Дэмиан же сохранял свою всегдашнюю невозмутимость.
– Увидимся позже! – Он коротко приобнял Серену и носовым платком стер помаду со своих губ, после чего вернул платок в карман. Не сказав нам ни слова, он шмыгнул за занавес и исчез.
Звук записи О. С. Смита «Hickory Holler’s Tramp», которая пользовалась тем летом большой популярностью, внезапно заполнил пространство, составляя причудливый культурный контраст со всеми этими отрубленными головами, убийцами и несчастной жертвой, раскачивающейся на своем крюке. Но мы трое стояли и не двигались, пока не послышался шум и из-за занавеса не высунулось опостылевшее всем нам лицо Эндрю Саммерсби.
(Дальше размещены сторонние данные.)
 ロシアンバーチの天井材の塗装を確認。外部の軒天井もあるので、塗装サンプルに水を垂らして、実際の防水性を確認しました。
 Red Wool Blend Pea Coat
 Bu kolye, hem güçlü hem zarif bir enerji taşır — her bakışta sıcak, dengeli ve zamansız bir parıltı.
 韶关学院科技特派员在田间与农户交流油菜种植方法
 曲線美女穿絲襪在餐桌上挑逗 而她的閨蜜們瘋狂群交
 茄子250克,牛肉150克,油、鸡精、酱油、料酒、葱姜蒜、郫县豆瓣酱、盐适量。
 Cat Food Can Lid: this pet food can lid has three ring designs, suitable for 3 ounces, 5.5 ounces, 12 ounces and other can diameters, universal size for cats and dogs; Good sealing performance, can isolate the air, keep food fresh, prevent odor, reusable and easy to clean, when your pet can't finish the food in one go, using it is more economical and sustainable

– Вот ты где! – воскликнул он, игнорируя нас. – Я тебя везде ищу. – Потом, глянув на нашу гротескную восковую подругу, скривился и рассмеялся: – Фу-у! Кто-то проснется утром с несварением желудка. – Он толкнул скульптуру, словно ребенка на качелях. Жуткая фигура медленно закачалась на веревке.
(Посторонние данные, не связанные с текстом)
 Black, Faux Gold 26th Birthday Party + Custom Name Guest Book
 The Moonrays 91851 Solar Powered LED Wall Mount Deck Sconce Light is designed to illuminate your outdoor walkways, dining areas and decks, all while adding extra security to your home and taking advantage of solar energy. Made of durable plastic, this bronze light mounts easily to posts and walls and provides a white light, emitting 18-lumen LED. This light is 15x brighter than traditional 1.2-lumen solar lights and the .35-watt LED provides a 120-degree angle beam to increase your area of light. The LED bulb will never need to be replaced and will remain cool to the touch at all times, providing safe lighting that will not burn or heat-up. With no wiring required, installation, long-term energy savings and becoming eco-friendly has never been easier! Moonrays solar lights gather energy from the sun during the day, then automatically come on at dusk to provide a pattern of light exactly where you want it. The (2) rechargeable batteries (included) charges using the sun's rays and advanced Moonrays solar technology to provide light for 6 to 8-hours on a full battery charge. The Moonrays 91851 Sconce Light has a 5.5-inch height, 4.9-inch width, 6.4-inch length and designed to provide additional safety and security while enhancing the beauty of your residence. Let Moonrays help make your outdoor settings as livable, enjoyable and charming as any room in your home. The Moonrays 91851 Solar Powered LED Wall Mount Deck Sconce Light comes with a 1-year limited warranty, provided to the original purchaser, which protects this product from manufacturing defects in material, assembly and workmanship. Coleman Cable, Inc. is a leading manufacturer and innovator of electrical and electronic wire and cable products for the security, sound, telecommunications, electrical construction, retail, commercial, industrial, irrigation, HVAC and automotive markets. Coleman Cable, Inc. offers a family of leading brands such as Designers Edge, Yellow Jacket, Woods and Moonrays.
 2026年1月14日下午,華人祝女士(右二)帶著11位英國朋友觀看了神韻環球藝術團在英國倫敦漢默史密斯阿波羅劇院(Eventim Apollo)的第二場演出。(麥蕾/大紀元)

– Пошли танцевать! – предложила Люси.
И мы, не сказав Серене ни слова, оставили ее со своим благородным болваном, а сами отправились на темную маленькую площадку для танцев в тени гильотины, к которой два дюжих революционера привязывали французского аристократа в камзоле из дешевого вельвета. Из уютно задрапированного алькова на это безмятежно взирала вся французская королевская семья.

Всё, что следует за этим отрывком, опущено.